_Required work_. The records below are to be reproduced exactly, with every picture left out.

[Excerpted data Boundary: Start]

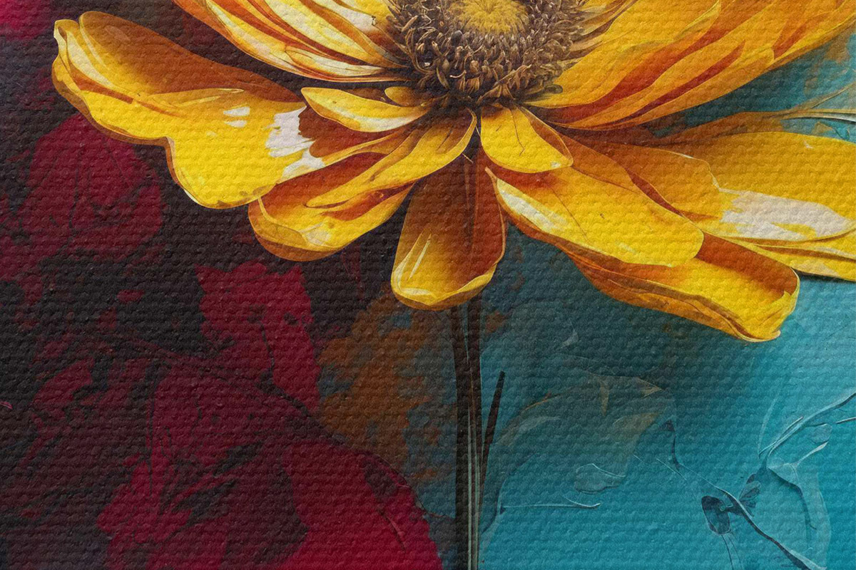 Tableaux rondes Fleur jaune sur fond acrylique abstrait Nr r40483
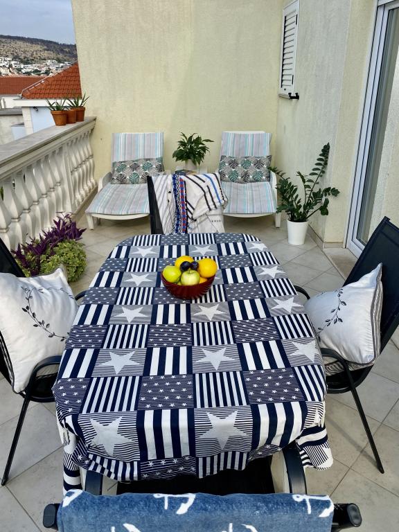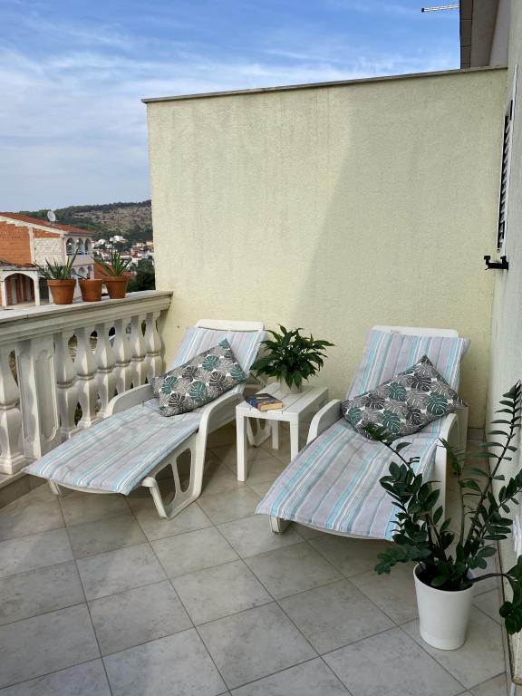 Perfekt indkvartering for os. Frisk, ren og alle nødvendige faciliteter til morgenmad og middag var tilgængelige. Køleskab og fryser, mikroovn, kaffemaskine. Vaskemaskine, klimaanlæg og bruser osv. Tæt på havet, måske lidt mere end 100 m, mange badesteder ligger meget tæt på, man kan svømme langs hele kysten, mest klipper men også strande. Vi boede på 2. sal. 2 altaner i 2 forskellige retninger med havudsigt. Stille og fredeligt, tæt på flere restauranter, gåafstand til butikker og restauranter, strand og biludlejning. Hvis du ønsker at nå natteliv som Trogir, er det tæt på med taxa. Vi vil være tilbage. Tak Darko for en vidunderlig ferie. Vi kan varmt anbefale både Darka og lejligheden. Han er også meget venlig og gav gode tips om mad og seværdigheder. Anne og Johan med deres familie.
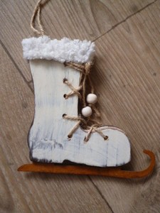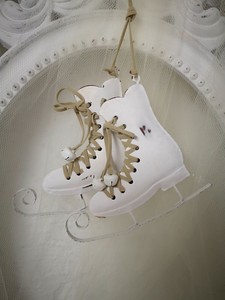 Christbaumschmuck Schlittschuh Winter Deko Weihnachten Holz Shabby Chic Vintage Landhaus Weiss Mobel Wohnen
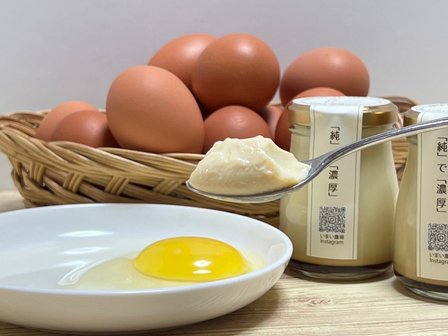 生まれたての初生ビナから、兵庫県産米を中心とした手作り発酵飼料を与え、飲み水は名水百選の千種川源流を掛け流し、四面開放鶏舎、のびのび平飼い、、等々、鶏と真剣に向き合い、生涯無投薬で大切に育てた、いまい農場の平飼い有精卵をたっぷり使用したプリンです。卵以外の原材料は、低温殺菌牛乳・純生クリーム・てんさい糖・ビートグラニュー糖と、いわゆる「普通のプリン」ですが、卵が違うと、プリンも違います。臭みがないので香料等添加物一切不使用。農場が直に作ることで実現した「純」で「濃厚」なプリンをどうぞご賞味ください。
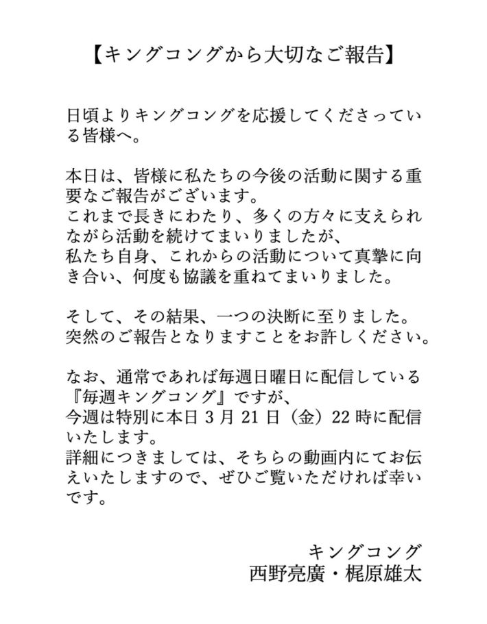 キングコング 炎上
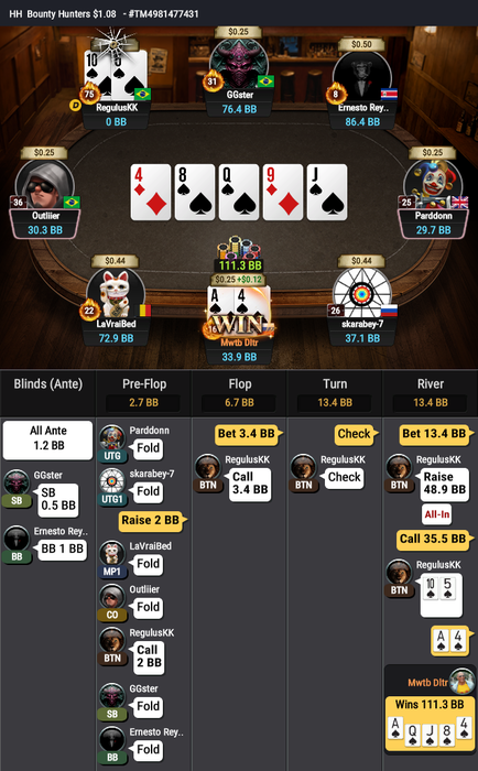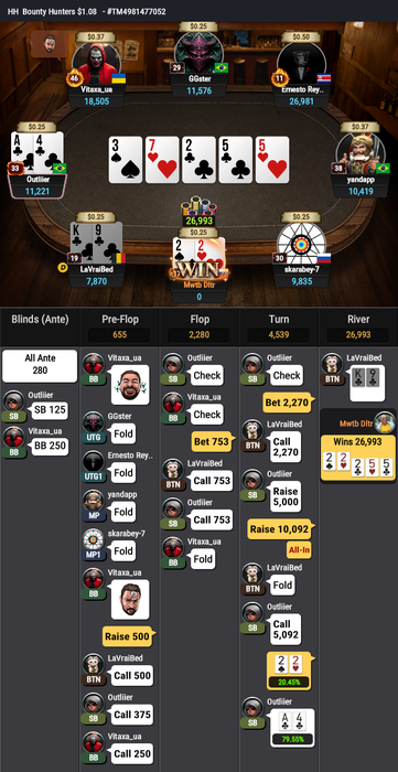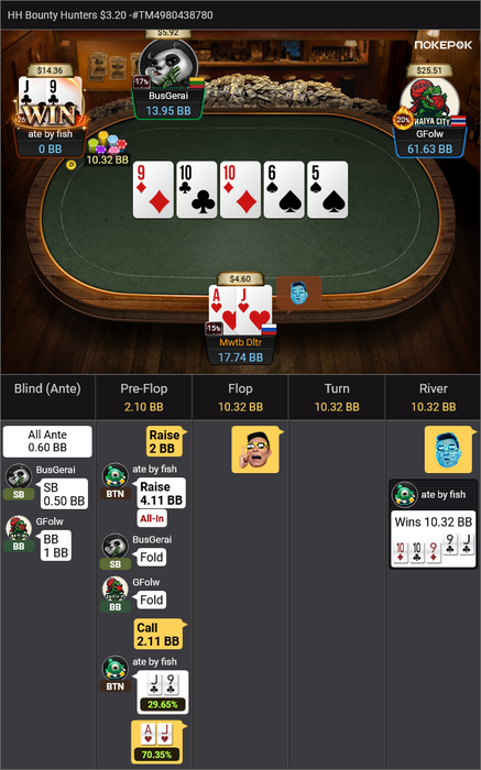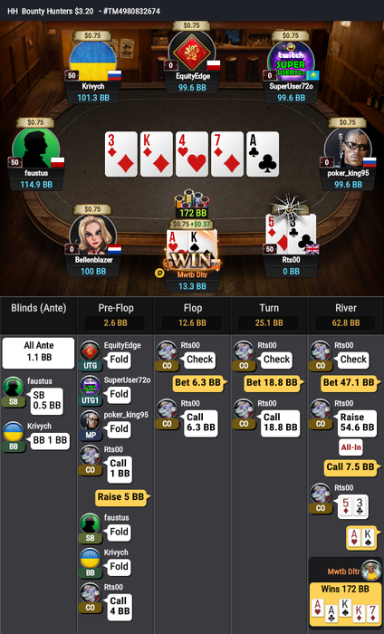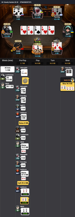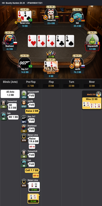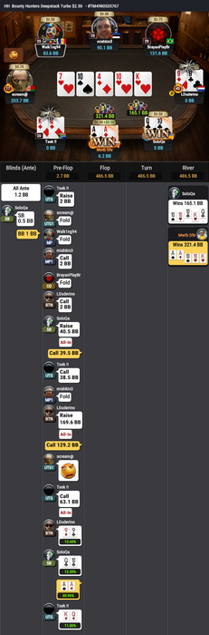 Сначала проиграл AJs<A4o и укоротился вдвое, следующей раздачей вылет с QQ<22<97s.

[Excerpted data Boundary: End]

_Answer to this problem_.
 Tableaux rondes Fleur jaune sur fond acrylique abstrait Nr r40483
 Perfekt indkvartering for os. Frisk, ren og alle nødvendige faciliteter til morgenmad og middag var tilgængelige. Køleskab og fryser, mikroovn, kaffemaskine. Vaskemaskine, klimaanlæg og bruser osv. Tæt på havet, måske lidt mere end 100 m, mange badesteder ligger meget tæt på, man kan svømme langs hele kysten, mest klipper men også strande. Vi boede på 2. sal. 2 altaner i 2 forskellige retninger med havudsigt. Stille og fredeligt, tæt på flere restauranter, gåafstand til butikker og restauranter, strand og biludlejning. Hvis du ønsker at nå natteliv som Trogir, er det tæt på med taxa. Vi vil være tilbage. Tak Darko for en vidunderlig ferie. Vi kan varmt anbefale både Darka og lejligheden. Han er også meget venlig og gav gode tips om mad og seværdigheder. Anne og Johan med deres familie.
 Christbaumschmuck Schlittschuh Winter Deko Weihnachten Holz Shabby Chic Vintage Landhaus Weiss Mobel Wohnen
 生まれたての初生ビナから、兵庫県産米を中心とした手作り発酵飼料を与え、飲み水は名水百選の千種川源流を掛け流し、四面開放鶏舎、のびのび平飼い、、等々、鶏と真剣に向き合い、生涯無投薬で大切に育てた、いまい農場の平飼い有精卵をたっぷり使用したプリンです。卵以外の原材料は、低温殺菌牛乳・純生クリーム・てんさい糖・ビートグラニュー糖と、いわゆる「普通のプリン」ですが、卵が違うと、プリンも違います。臭みがないので香料等添加物一切不使用。農場が直に作ることで実現した「純」で「濃厚」なプリンをどうぞご賞味ください。
 キングコング 炎上
 Сначала проиграл AJs<A4o и укоротился вдвое, следующей раздачей вылет с QQ<22<97s.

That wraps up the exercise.